┏━━

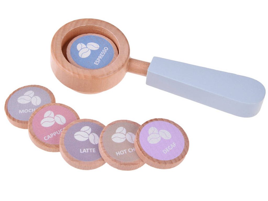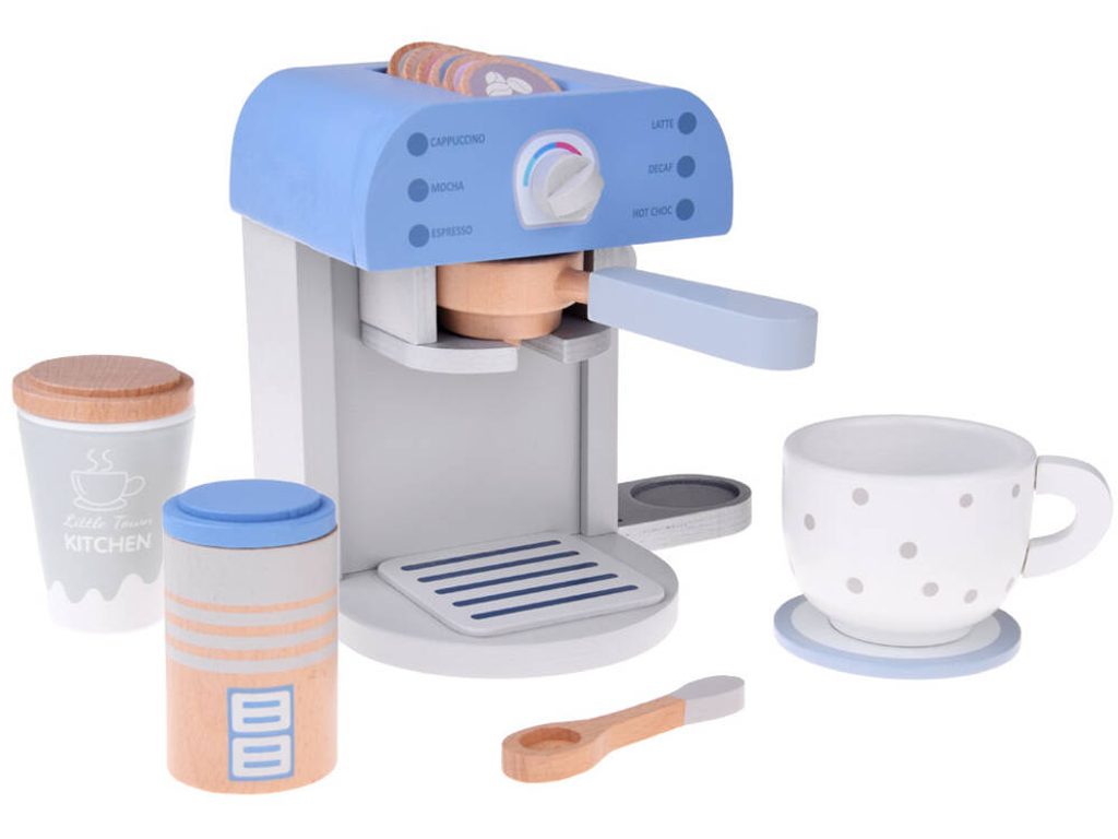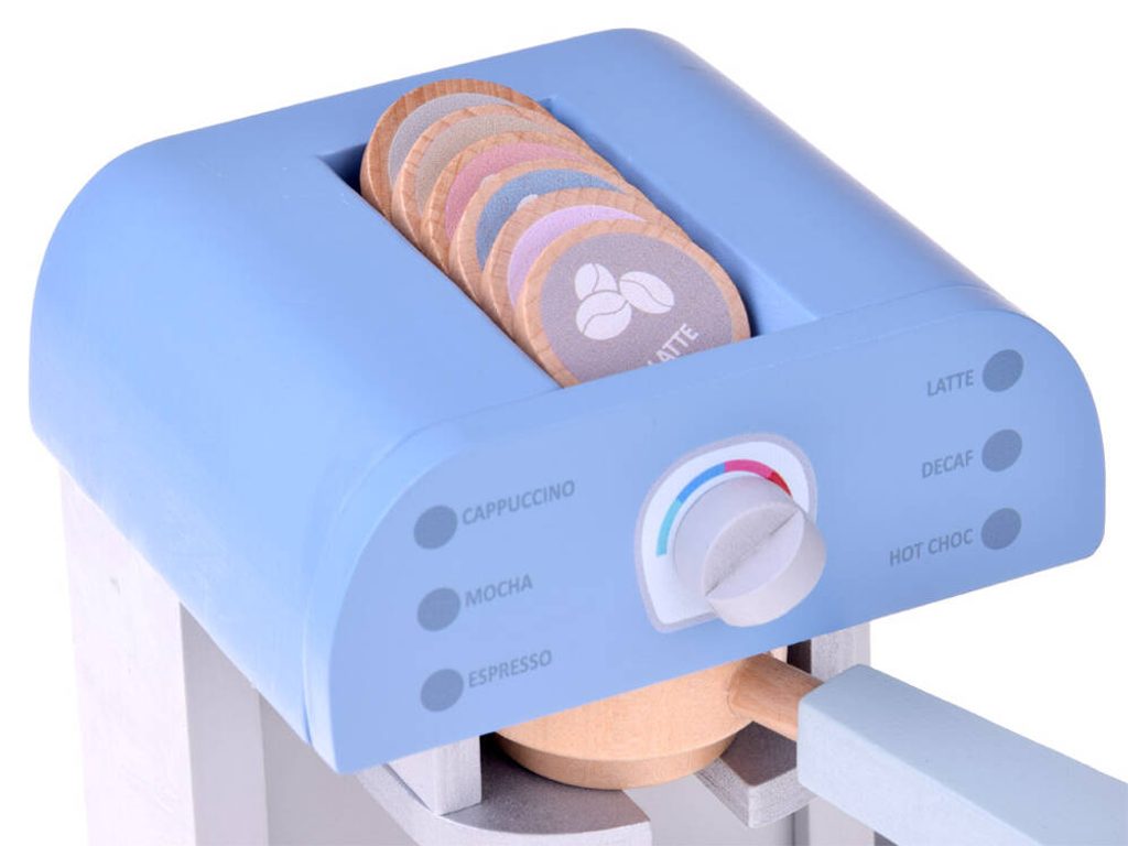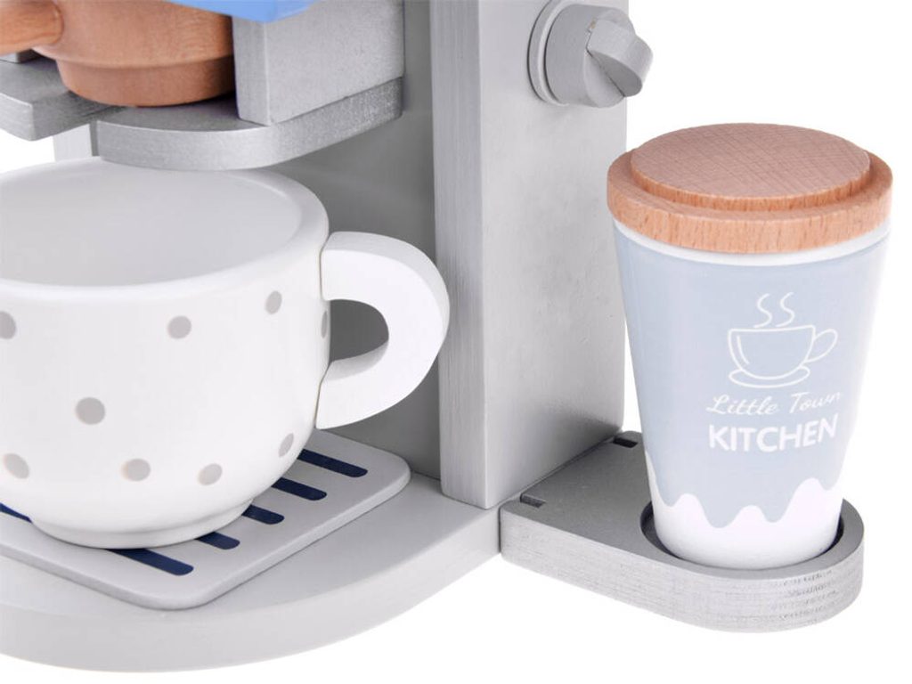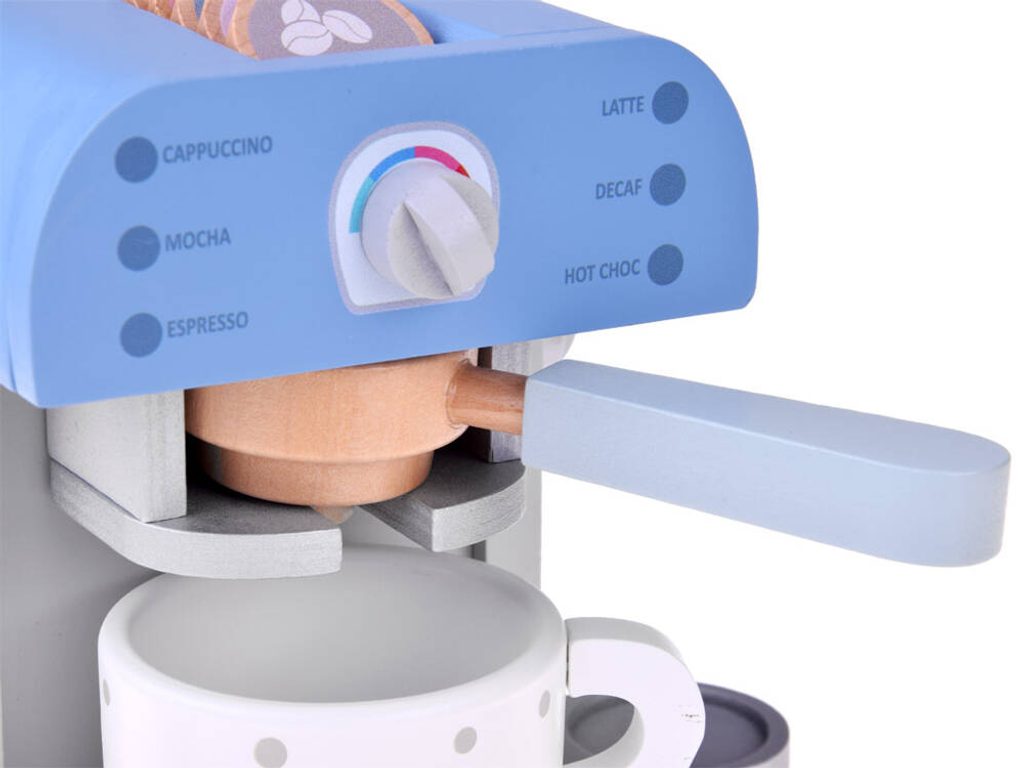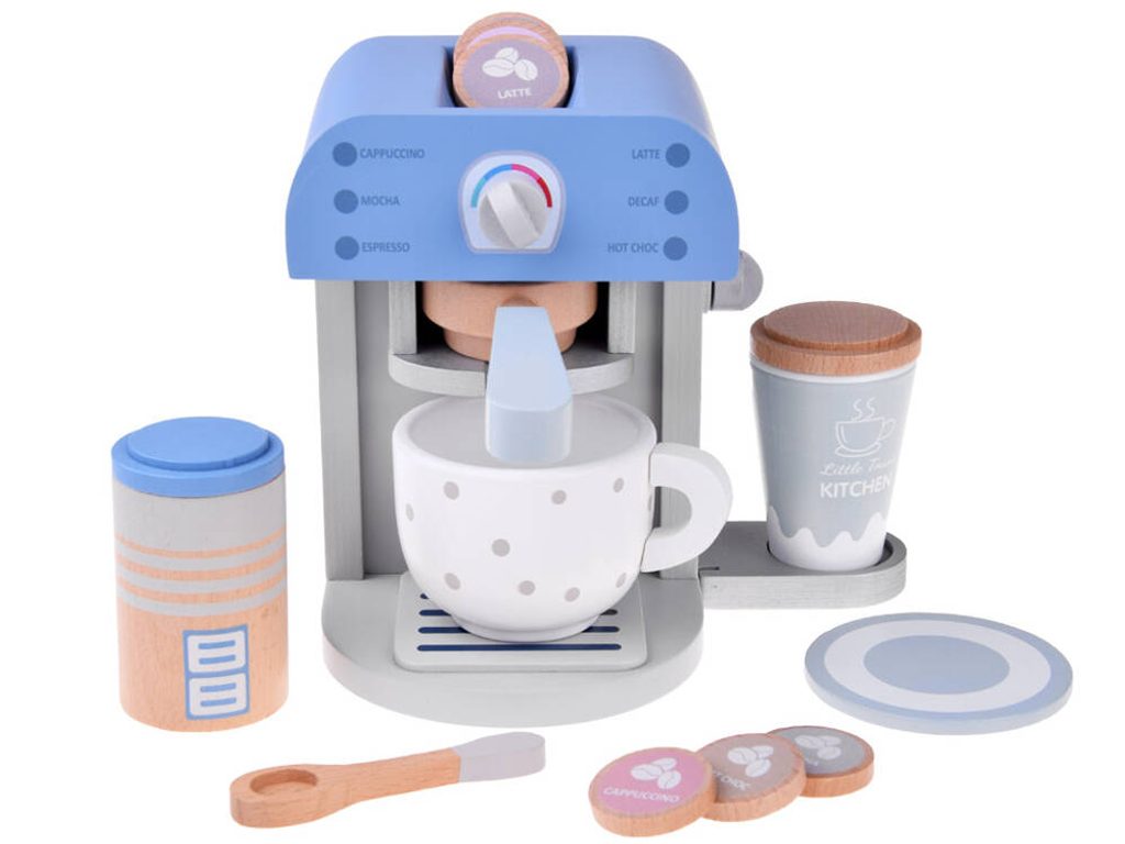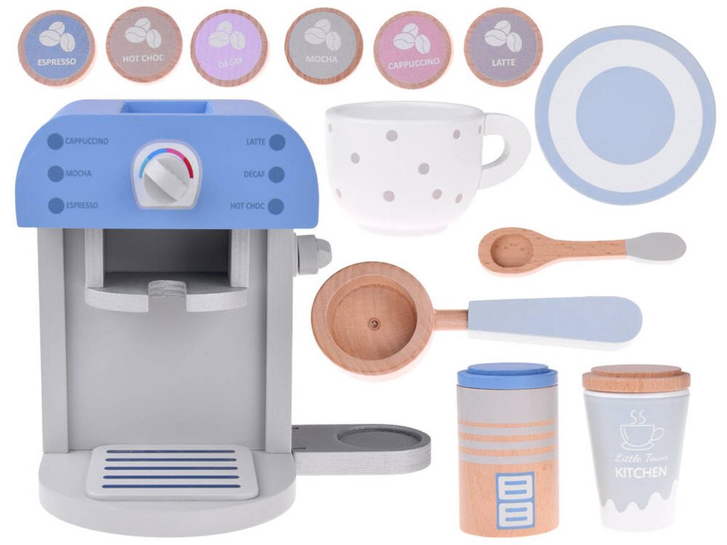 Pěkný a elegantní dřevěný kávovar se šálkem a příslušenstvím je nezbytnou výbavou každé kuchyně, kanceláře nebo kavárny. Tato hračka, vyrobená z kvalitního dřeva v bílých a několika odstínech modré barvy, přináší vysokou estetickou hodnotu, bezpečnost, komfort používání, a odolnost proti poškození. Vysoká kvalita zpracování a důraz na detaily činí každou hru s touto sadou příjemnou a uvolňující. Dřevěný kávovar je vybaven knoflíky a dalšími příslušenstvími, které dělají hru ještě realističtější. Sada obsahuje vše potřebné pro hraní role malého baristy: krásný kávovar s pohyblivou a výsuvnou lžičkou, šálek se lžičkou a podšálkem, hrnek s víčkem na kávu s sebou, cukřenku/kořenku s víkem a až šest druhů kávy k přípravě. Hrací kávovar je ideální pro zábavu doma, v kavárně nebo na večírku s medvídky a panenkami.
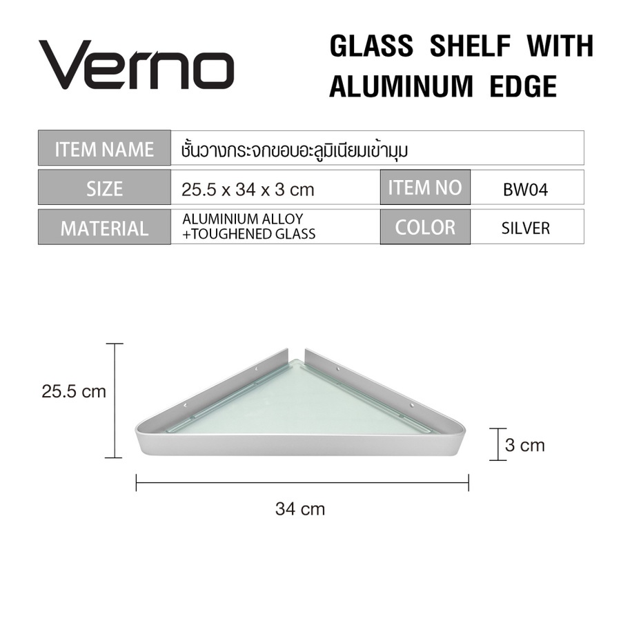 Verno ชั้นวางกระจกขอบอะลูมิเนียมเข้ามุม รุ่น เวนิส BW04 สีเงิน ขนาด 25.5x34x3 ซม.
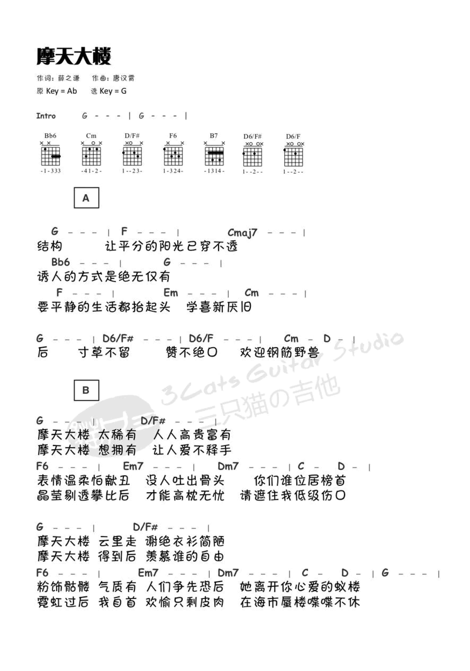 曲谱介绍: 摩天大楼吉他谱,薛之谦新歌,2018首支单曲全网首发,《摩天大楼》吉他谱,原调Ab,选调G调指法,瓦砾砂石,水泥钢筋,拔地而起的摩天楼宇,错节盘根展现这都市的魅力,高耸云霄看尽风光旖旎,灯红酒绿满眼纸醉金迷,渐浓的欲望迷失最初的本心。在这城市里,我们舔舐伤口感受孤独。
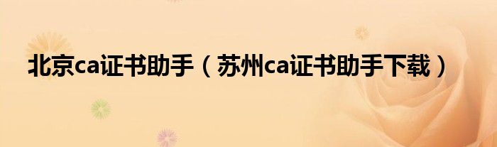北京ca证书助手(苏州ca证书助手下载)
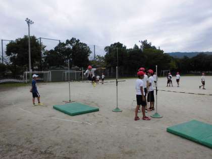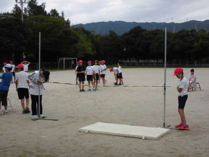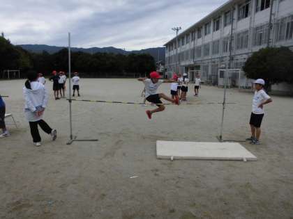 体育の学習では,「走り高跳び」に入っています。「はさみとび」のような跳び方で自分の身長と50メートル走のタイムから割り出した「ノモグラム(自分の目安の高さ)」を目指してとぶようにがんばっていきます。活動の前に「正しい跳び方」の映像を見てイメージを広げ,そのあと実際に跳んでみました。前足と踏切足をバーの上で入れ替えるようなイメージをもって跳ぶことでふんわりと高く跳べるようになってきました。
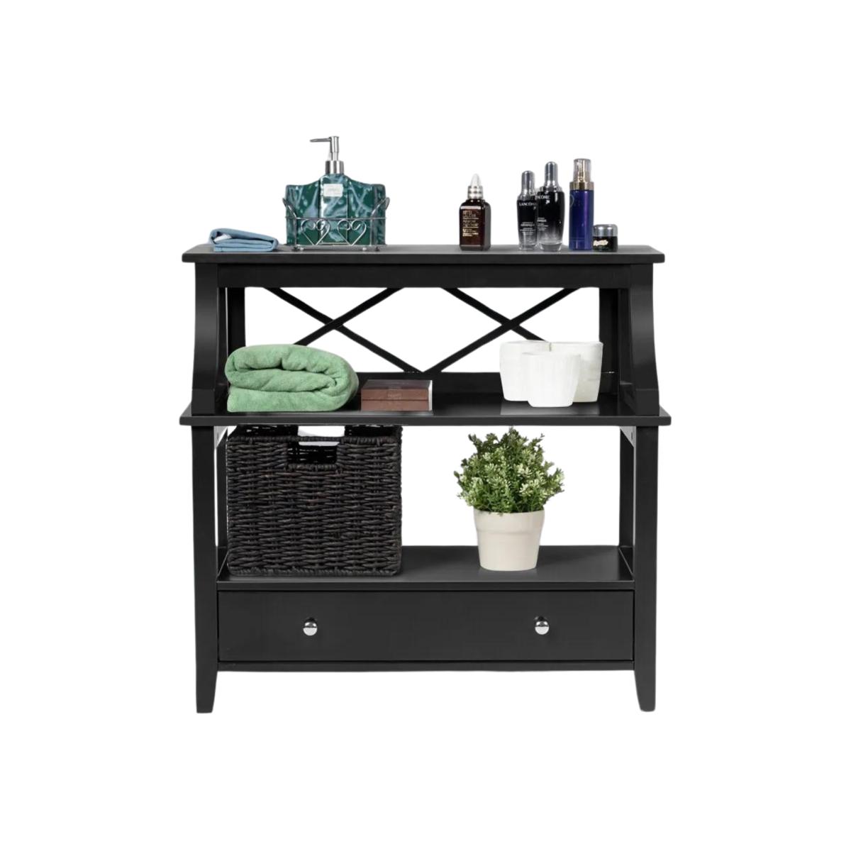 Ample Storage Equipped with a 2-tier shelf and a large capacity drawer, this table offers plenty of space to store and organize your belongings efficiently. Durable Construction Crafted from high-quality MDF material, the table ensures durability and longevity. Its solid frame and thickened panels provide excellent stability and sturdiness for reliable use. Stable Design Featuring an X-shaped support on the back, the table prevents items from falling and adds to its stability. Two silver handles on the drawer facilitate easy opening and closing. Each shelf can hold up to 15kg whilst each drawer can hold up to 10kg. Versatile Use This versatile piece can function as a console table, side table, end table, sofa table, or lamp table, adapting seamlessly to various settings in your home. Easy Assembly Includes illustrated instructions for straightforward assembly, making it quick and hassle-free to set up and start using.
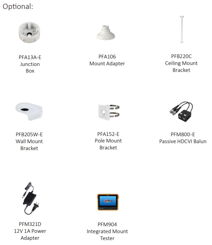IP67: Видеокамера прошла тщательное тестирование на проникновение влаги и пыли внутрь корпуса. Она надежна защищена от пыли, и ее корпус гарантирует работоспособность при погружении в воду на глубину 1 м в течение 30 минут. Широкий диапазон напряжений: Видеокамера допускает ±30% отклонения входного напряжения и хорошо приспособлена для работы в уличных условиях с нестабильным напряжением.
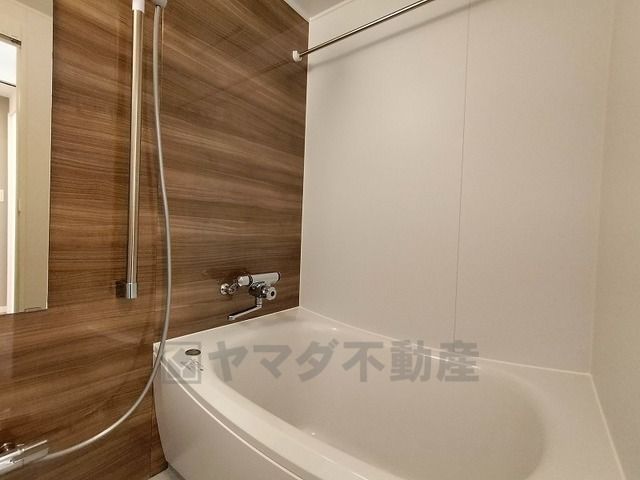 木目調パネルが上質な雰囲気を演出するバスルームは、一日の疲れをゆったり癒せるくつろぎ空間。浴室上部には洗濯物を掛けられる物干し竿が設置されています。

┗━━

Exercise prompt: Each record above goes into the copy unchanged; the pictures do not.

Exercise response:
 Pěkný a elegantní dřevěný kávovar se šálkem a příslušenstvím je nezbytnou výbavou každé kuchyně, kanceláře nebo kavárny. Tato hračka, vyrobená z kvalitního dřeva v bílých a několika odstínech modré barvy, přináší vysokou estetickou hodnotu, bezpečnost, komfort používání, a odolnost proti poškození. Vysoká kvalita zpracování a důraz na detaily činí každou hru s touto sadou příjemnou a uvolňující. Dřevěný kávovar je vybaven knoflíky a dalšími příslušenstvími, které dělají hru ještě realističtější. Sada obsahuje vše potřebné pro hraní role malého baristy: krásný kávovar s pohyblivou a výsuvnou lžičkou, šálek se lžičkou a podšálkem, hrnek s víčkem na kávu s sebou, cukřenku/kořenku s víkem a až šest druhů kávy k přípravě. Hrací kávovar je ideální pro zábavu doma, v kavárně nebo na večírku s medvídky a panenkami.
 Verno ชั้นวางกระจกขอบอะลูมิเนียมเข้ามุม รุ่น เวนิส BW04 สีเงิน ขนาด 25.5x34x3 ซม.
 曲谱介绍: 摩天大楼吉他谱,薛之谦新歌,2018首支单曲全网首发,《摩天大楼》吉他谱,原调Ab,选调G调指法,瓦砾砂石,水泥钢筋,拔地而起的摩天楼宇,错节盘根展现这都市的魅力,高耸云霄看尽风光旖旎,灯红酒绿满眼纸醉金迷,渐浓的欲望迷失最初的本心。在这城市里,我们舔舐伤口感受孤独。
北京ca证书助手(苏州ca证书助手下载)
 体育の学習では,「走り高跳び」に入っています。「はさみとび」のような跳び方で自分の身長と50メートル走のタイムから割り出した「ノモグラム(自分の目安の高さ)」を目指してとぶようにがんばっていきます。活動の前に「正しい跳び方」の映像を見てイメージを広げ,そのあと実際に跳んでみました。前足と踏切足をバーの上で入れ替えるようなイメージをもって跳ぶことでふんわりと高く跳べるようになってきました。
 Ample Storage Equipped with a 2-tier shelf and a large capacity drawer, this table offers plenty of space to store and organize your belongings efficiently. Durable Construction Crafted from high-quality MDF material, the table ensures durability and longevity. Its solid frame and thickened panels provide excellent stability and sturdiness for reliable use. Stable Design Featuring an X-shaped support on the back, the table prevents items from falling and adds to its stability. Two silver handles on the drawer facilitate easy opening and closing. Each shelf can hold up to 15kg whilst each drawer can hold up to 10kg. Versatile Use This versatile piece can function as a console table, side table, end table, sofa table, or lamp table, adapting seamlessly to various settings in your home. Easy Assembly Includes illustrated instructions for straightforward assembly, making it quick and hassle-free to set up and start using.
IP67: Видеокамера прошла тщательное тестирование на проникновение влаги и пыли внутрь корпуса. Она надежна защищена от пыли, и ее корпус гарантирует работоспособность при погружении в воду на глубину 1 м в течение 30 минут. Широкий диапазон напряжений: Видеокамера допускает ±30% отклонения входного напряжения и хорошо приспособлена для работы в уличных условиях с нестабильным напряжением.
 木目調パネルが上質な雰囲気を演出するバスルームは、一日の疲れをゆったり癒せるくつろぎ空間。浴室上部には洗濯物を掛けられる物干し竿が設置されています。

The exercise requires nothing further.